Technology

Data theft

Christopher Schroebel was not your typical junkie. While he lived with his dad in Keedysville, Maryland, the 20-year-old supported his heroin addiction by stealing $120,000 over the space of four months. He wasn’t burglarizing homes or holding up convenience stores. He was breaking into restaurants and other businesses through their computers and selling the credit card numbers he found there to buyers around the world.

For a seasoned hacker, it wasn’t hard. Over the Internet, he used automated software to probe the security weaknesses of thousands of small businesses. He only needed to find a few that had left the digital equivalent of a back door open.

On July 20, 2011, he found one, 3,000 miles away in Seattle. Mondello Ristorante Italiano was a neighborhood eatery owned by Corino Bonjrada, who named it after his hometown in Sicily.

Once inside Mondello’s system, Schroebel inserted a couple of rogue programs. With innocuous names like “a8.exe,” they were unlikely to be noticed by the computer’s owner. They went to work with quiet efficiency.

Every time a waiter swiped a customer’s credit card, one program intercepted the data, on its way from the terminal to the computer. Within seconds, a companion program sent the information to a website in Chesterbrook, Pennsylvania. Schroebel used some of it right away, making small purchases to be sure the numbers worked. Some he would use to pilfer customers’ bank accounts. Most of it he stored up, to hawk to makers of counterfeit cards.

And unlike a typical burglary, under credit card regulations restaurants have to pay for being electronically burglarized: potentially tens of thousands in audits, fines and the cost of replacing compromised cards.

In August 2011, Bonjrada got the first inkling that something was awry. Customers starting calling about fraud on their credit cards, some accusing his waiters.

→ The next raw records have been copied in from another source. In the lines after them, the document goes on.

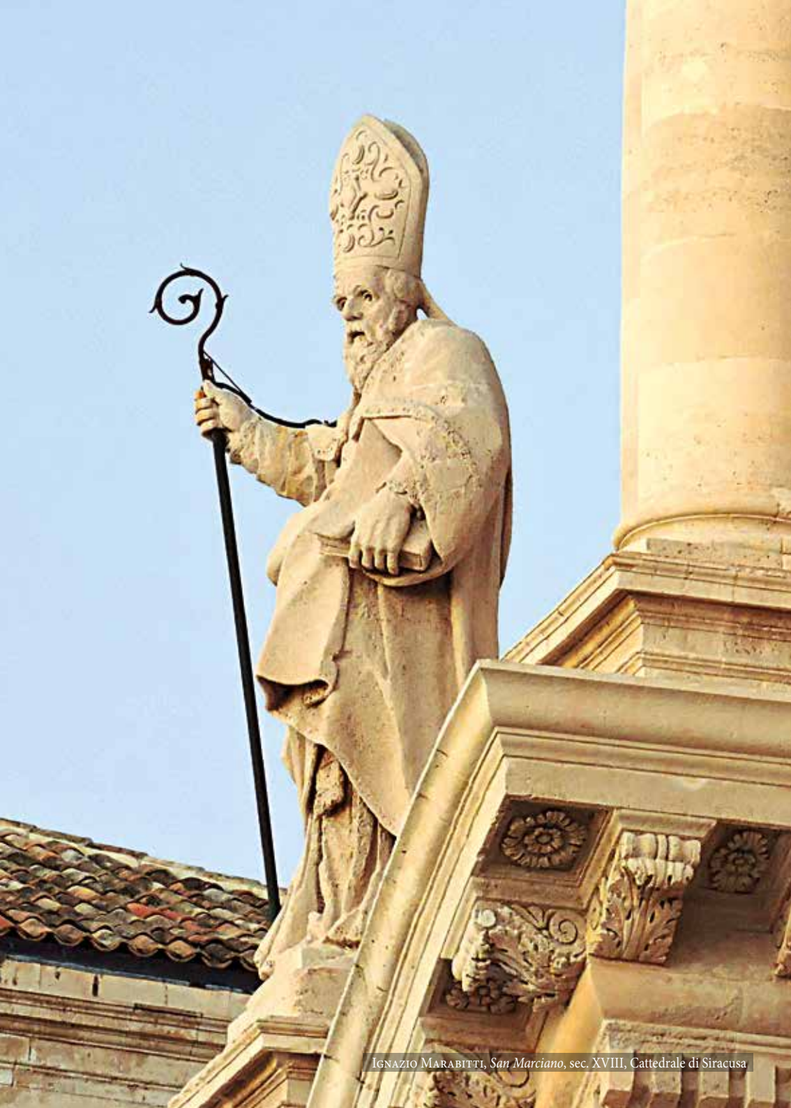
IGNAZIO MARABITTI, San Marciano , sec. XVIII, Cattedrale di Siracusa
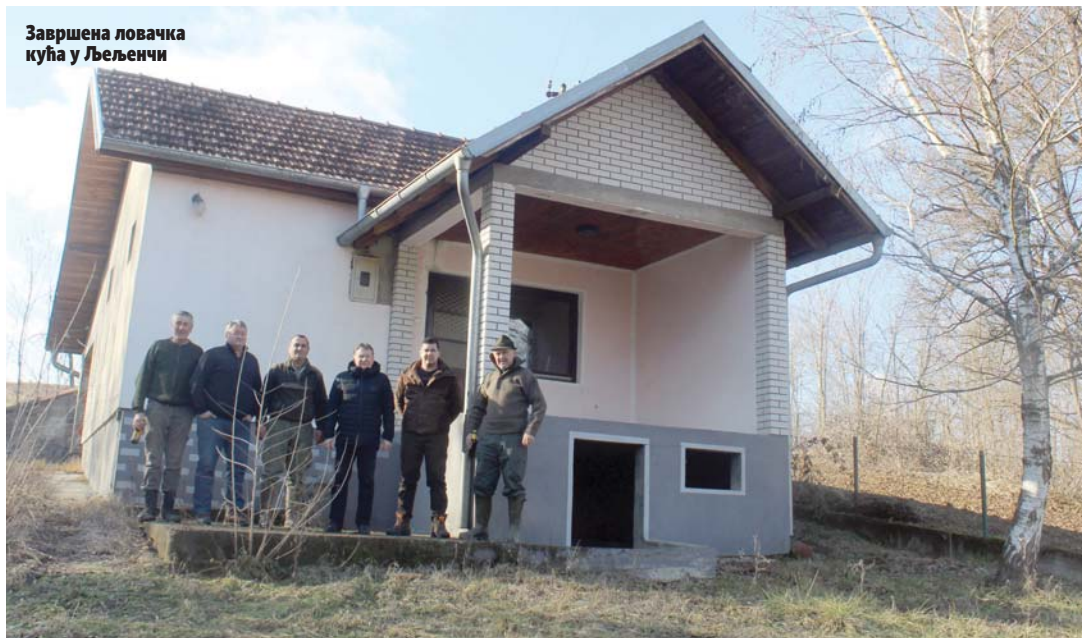
Завршена ловачка кућа у Љељенчи

- Озбиљно смо схватили припреме које трају већ неколико мјесеци. Није мала ствар дочекати овакав јубилеј па смо предузели све мјере да се сви наши гости у "Гранд салону" осјећају одлично. Једна компанија нам прави и филм који ће бити својеврсно путовање кроз историју - саопшти-
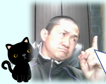
しゅうたろうさんの かんが 考え

そういう考え方もできるけど、お店が混み合うところでは スーパーのほうがお昼に向けて混んでくるから、先にスーパーに 行ったほうがよいだろう？ 車を止めるところは当然、真ん中のDだ！
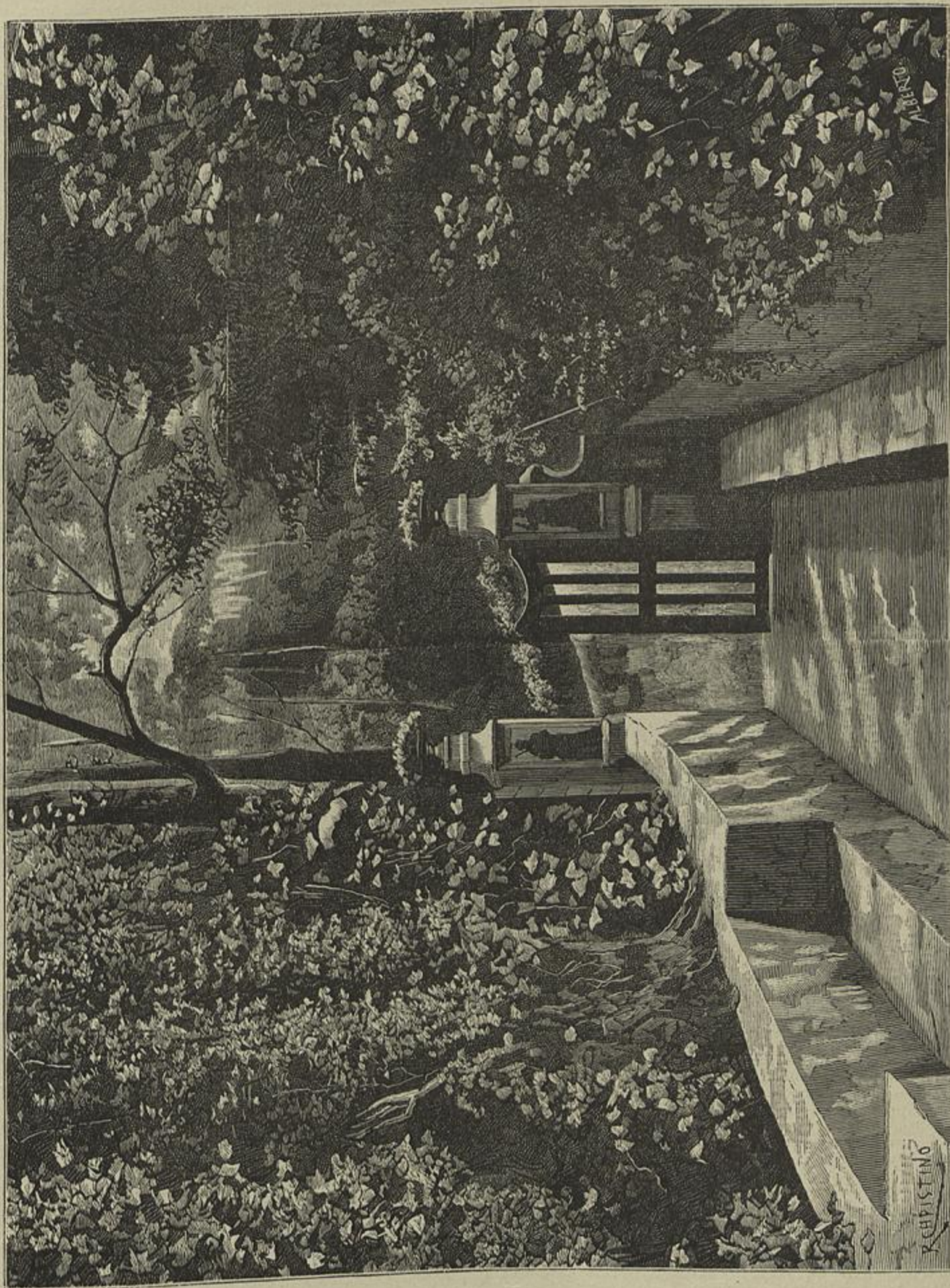
LAPA DOS ESTEIOS, NA QUINTA DAS CANNAS, EM COIMBRA, ONDE CASTILHO CELEBROU A ENTRADA DA PRIMAVERA DE 1822

The first couple of calls, he thought, might be misunderstandings with their credit card companies. But the complaints kept coming in. And they were very specific. Within minutes of dining, one patron’s card had been used in several different locations in California, racking up more than $600 at places like Walmart, Home Depot and Jack-in-the-Box.

“The third day, once we discovered we were getting a lot of calls, I realized it was not just a sign of a mistake,” recalls Bonjrada. “I called the police.”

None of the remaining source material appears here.